Today’s announcement compliments other actions to help Connecticut residents with energy affordability that are expected to be approved by the General Assembly in today’s special session. Those actions include:
Supplementing this year’s $98.5 million of federal Low-Income Household Energy Assistance (LIHEAP) funding with an additional $30 million in American Rescue Plan Act (ARPA) funding to the Connecticut Department of Social Services (DSS). This additional state-directed funding substantially mitigates the impact of unusually high energy prices and will help ensure that funding for the state’s energy assistance program (the Connecticut Energy Assistance Program, or CEAP) is available to low-income households.

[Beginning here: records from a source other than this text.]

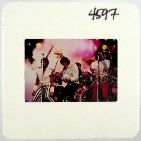 Michael Jackson "melds" in with his beloved brothers as they did a million times before as they perform at their reunion world tour: the Victory Tour circa 1984. These photos were commission by Joe Jackson, father, founder and early manager of his children, Michael Jackson and the Jackson 5. He hired the top music concert photographers of the day to take pictures of Michael Jackson and the Jackson Five (both in individual performances and as a group), while they were on tour, and during personal appearances, as well as at family get-together's. The purchase of this photo includes the original transparency, and includes a full copyright release for your own personal unlimited reproduction printing and selling to the winning bidder. They are the original 35 millimeter film used to take the picture, and are professionally mounted in “slide” paper for protection. The original film sprockets can be seen when the paper is removed. The color reversal film was used by these photographers, because, as is standard in the industry, this film stock creates more detailed images especially in Concert and low-light situations, and in many ways is actually superior to color negative film stock for reproduction purposes. Bidders are advised that Jackson Entertainment Corp. and the Estate of Michael Jackson have asserted a claim that they are the owners of the copyright in this photo and/or rights to the reproduction of Michael Jackson’s image. Bidders are advised that all proceeds from sales and delivery of the purchased items will be held by Premiere Props in escrow pending resolution of these claims unless the successful bidders assume the risk.
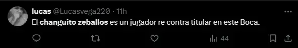 “Es momento que Gago ponga a los jugadores que estén bien. Zeballos tiene que jugar de titular”, fue el mensaje de un hincha de Boca que deja en evidencia lo que piensan la mayoría de los simpatizantes.
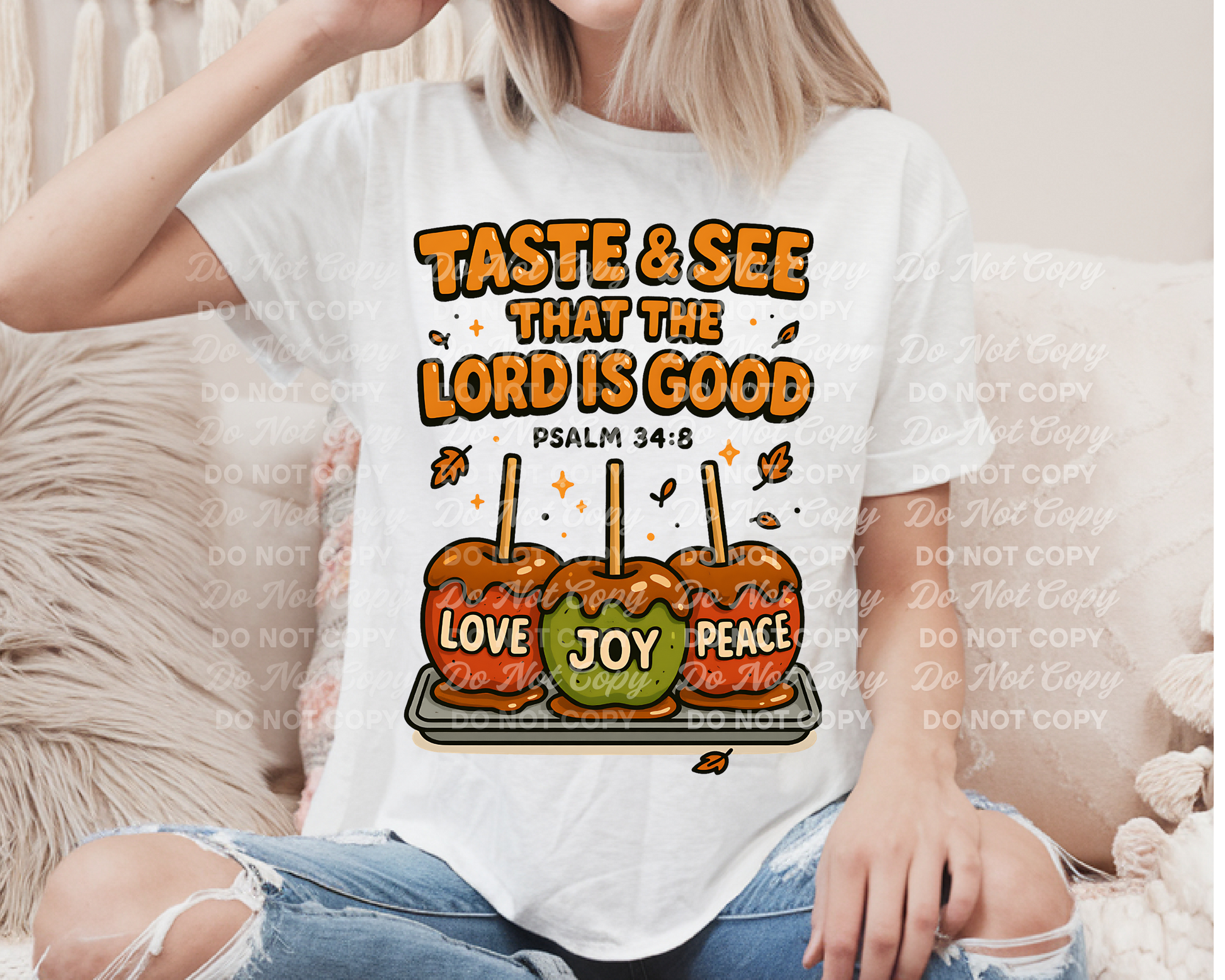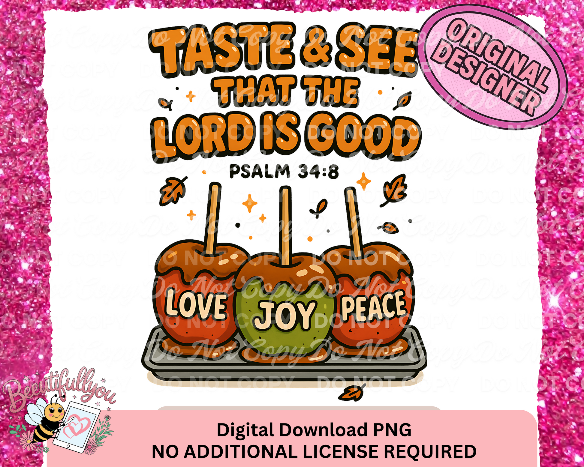 Taste & See That the Lord Is Good PNG | Psalm 34:8 Bible Verse Fall Caramel Apple Digital Download
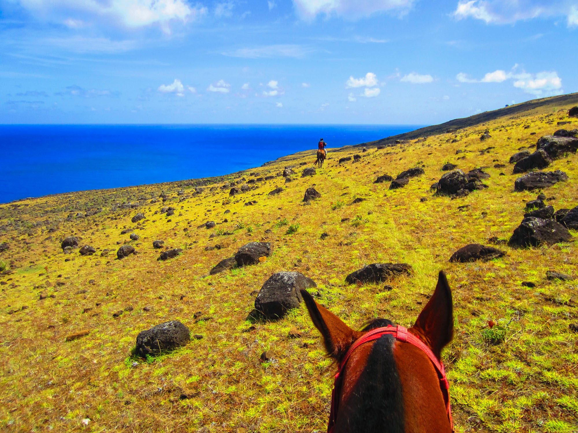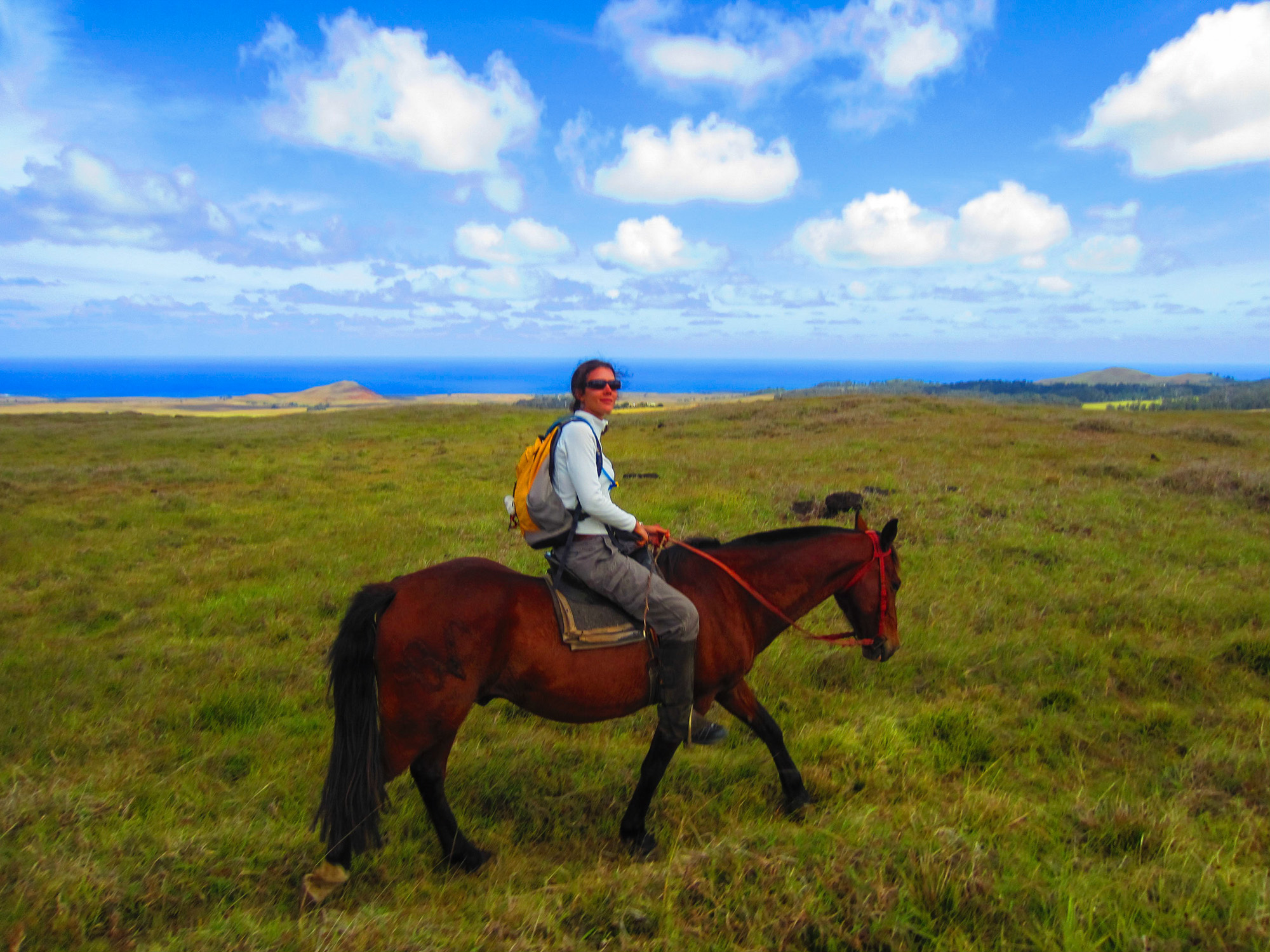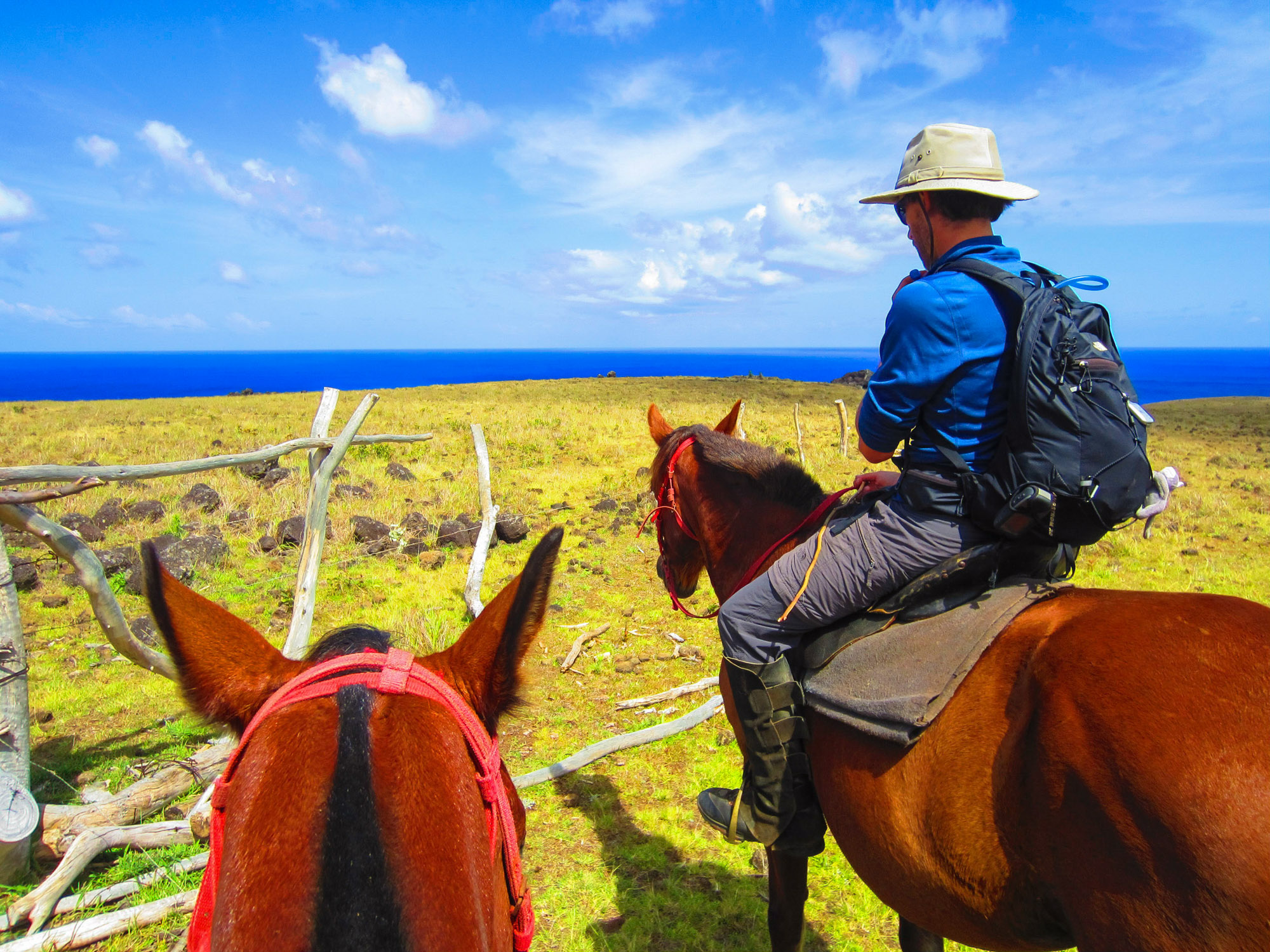 Nous partons dans les champs du bord de mer au trot. Peu après la sortie de la ville, nous rejoignons par des pistes un des endroits les moins fréquentés de l'île. Nous accédons à des terres surplombant l'océan. Les collines sont recouvertes d'herbes jaunes et de scories noires issues des éruptions volcaniques qui donnèrent naissance à l'île. Nos chevaux doivent se frayer un chemin entre les pierres. L'océan Pacifique qui s'étend à l'infini présente un bleu intense magnifique. Aucune terre vivable avant 3760 km... On se sent seuls et on ne peut s'empêcher de penser au plan d'évacuation de l'île en cas de tsunami, d'incendie géant ou d'épidémie...

Requiring PURA to direct at least 95% of proceeds from fines in fiscal years 2023 and 2024 (including an anticipated fine in excess of $4.4 million) to nonprofit energy assistance programs, such as Operation Fuel.

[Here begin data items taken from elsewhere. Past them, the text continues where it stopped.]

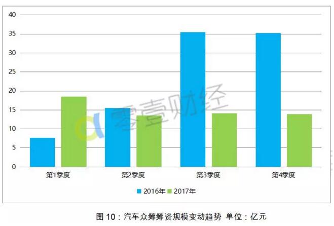 圖10展示了近兩年汽車眾籌歷史籌資規(guī)模變動趨勢,2016年第4季度至2017年第3季度,汽車眾籌籌資規(guī)模逐季減少;除第1季度外,2017年2-3季度籌資規(guī)模均同比大幅下降,2017年第3季度、第4季度同比降幅分別高達(dá)60.3%和60.5%。2017年全年籌資規(guī)模約60億元,同比下降36.0%;截至2017年年末,歷史累計(jì)籌資規(guī)模約161億元。
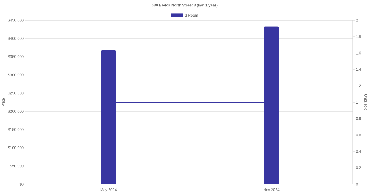 Below is a quick summary of the resale transactions volume and average price trends for the 3 room units at 539 Bedok North Street 3.
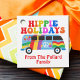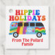Hippie Holidays in niedlichem Retro 70er Schriftart und lustige Farben über einen Vintagen Van mit Blume und Friedensschildern. Dieses hübsche, farbenfrohe Weihnachtsgeschenk-Tag ist ein großartiges Geschenketikett von jemandem, der die 70er Jahre mag.
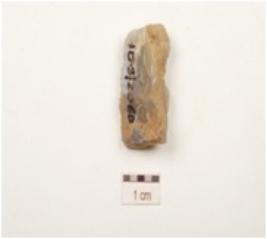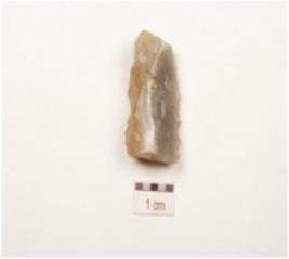 | Description / विवरण | A chalcedony blunted blade with mid ridge on dorsal, prepared platform, triangular cross section and use wear marks on one cutting edge. |
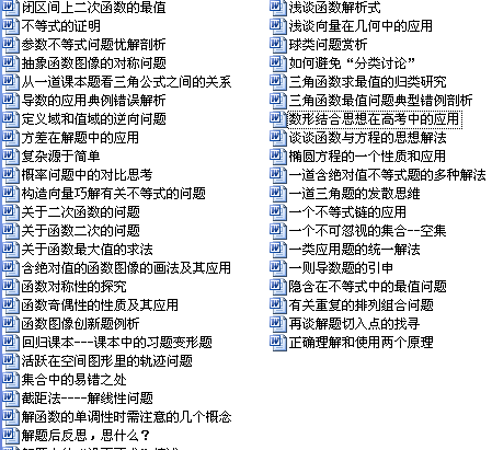 本資料可以同時(shí)適用于高一高二高三的同學(xué)們使用,所選之題均為經(jīng)典題,易錯(cuò)題。這本資料題不多但是我們可以通過(guò)這些題做到舉一反三,避免了高中學(xué)習(xí)的誤區(qū):題海戰(zhàn)術(shù).每一道題后面都有總結(jié)的解題方法思路等,起到畫(huà)龍點(diǎn)睛的作用。本資料共有54個(gè)專(zhuān)題,所以我又把它稱為“五四運(yùn)動(dòng)”當(dāng)我們把本資料完全研究透后,我們也會(huì)取得類(lèi)似與歷史上五四運(yùn)動(dòng)的意義:把差生變?yōu)橹械壬阎械壬優(yōu)閮?yōu)秀生,把優(yōu)秀生變?yōu)榧庾由。最后衷心地祝愿每位同學(xué)能夠取得好成績(jī)!
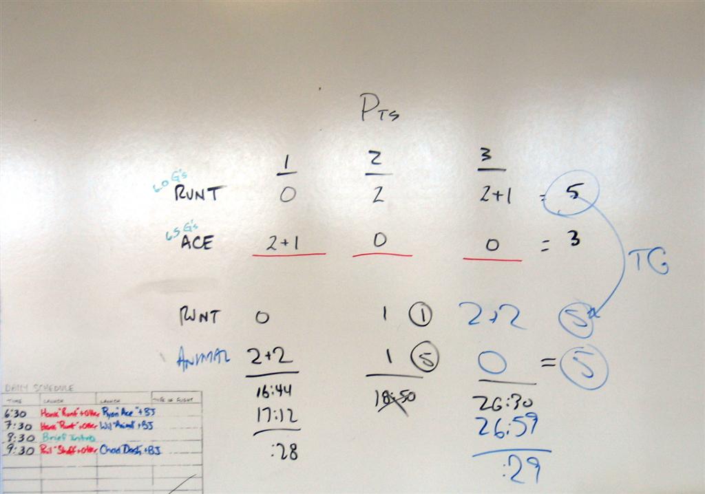 Final tally put's Hank firmly in the "Top Gun" slot, with a 5 point lead on the closest condender. Animal and Ace never had a chance, but Animal did take home the "G-Monger" (no it's not what you think, get your mind out of the Vegas gallery) award for pulling the most "G's": 7.9 positive and 3.0 negative, and the "Acrobat" award for not blowing his cookies during a Torque Roll, Hammerhead w/ snap rolls, and a full Outside loop. See the videos for a idea of what that all entails.
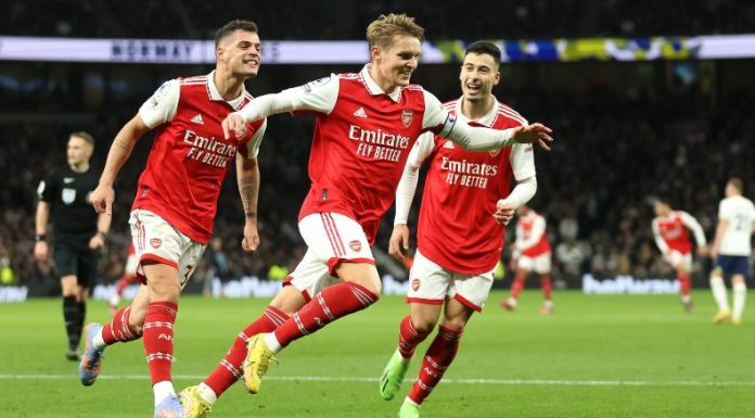 Al comienzo, ambas escuadras parecían muy inofensivas. A medida avanzaban los minutos, el Arsenal se sintió cada vez más cómodo y fue tejiendo cuantiosas jugadas de peligro. El primero llegó gracias a un errorazo de Hugo Lloris. El guardameta no pudo controlar un centro de Bukayo Saka y terminó por empujar el balón hacia su propia portería, al 14´ (0-1).
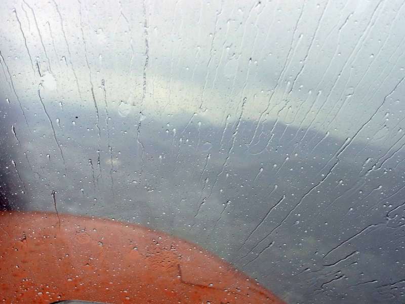 小型機で雨中飛行をしたときの写真です

Extending the ongoing suspension of the state’s 25 cent-per-gallon excise tax on gasoline through December 31, 2022, and then phasing it back in over a period of five months at five cents per month through May 2023. (Connecticut is one of only three states in the country that have a gas tax suspension in effect.)
Extending the ongoing suspension of fares on all public transit buses through March 30, 2023, which is the maximum date that complies with 12-month length-of-time federal restrictions for temporary public transit pilot programs.
DSS Commissioner Deidre Gifford said, “I’d like to thank Governor Lamont and legislative leaders for the anticipated extra financial help for the Connecticut Energy Assistance Program. This new state-directed funding will build on a recent boost in federal funding provided by Congress. This is particularly important because we are seeing increased interest in the program driven by a new, streamlined application process and spikes in the cost of deliverable fuels like home heating oil, and we will need the federal funding to ensure that regular program benefits get to all eligible households. The extra state funds will help us to get more benefits to more households than we originally planned, particularly those dealing with high fuel costs. In partnership with our state’s nine community action agencies, DSS is working hard to keep more families warm than ever before. We have streamlined CEAP eligibility processes and are improving our customer service. For example, we have launched an online application option and DSS clients enrolled in SNAP or cash assistance programs can get immediate income eligibility verification when they apply online. We have also worked to ensure that we have strong program participation within the deliverable fuel vendor community and are happy to report that we have more than 240 vendors participating in every part of the state.”
Nearly 52,000 households have already applied for CEAP this season, an increase of 17% over last year at this time. Benefits are available for households with incomes up to 60% of the state median income, which equates to roughly $76,465 for a family of four. These benefits are usually paid directly to the utility company or fuel supplier. Households that heat with deliverable fuels like oil or propane may be eligible for multiple free tank refills.
Interested households should apply online at ct.gov/heatinghelp or contact their local community action agency. Additional assistance is available by calling 2-1-1.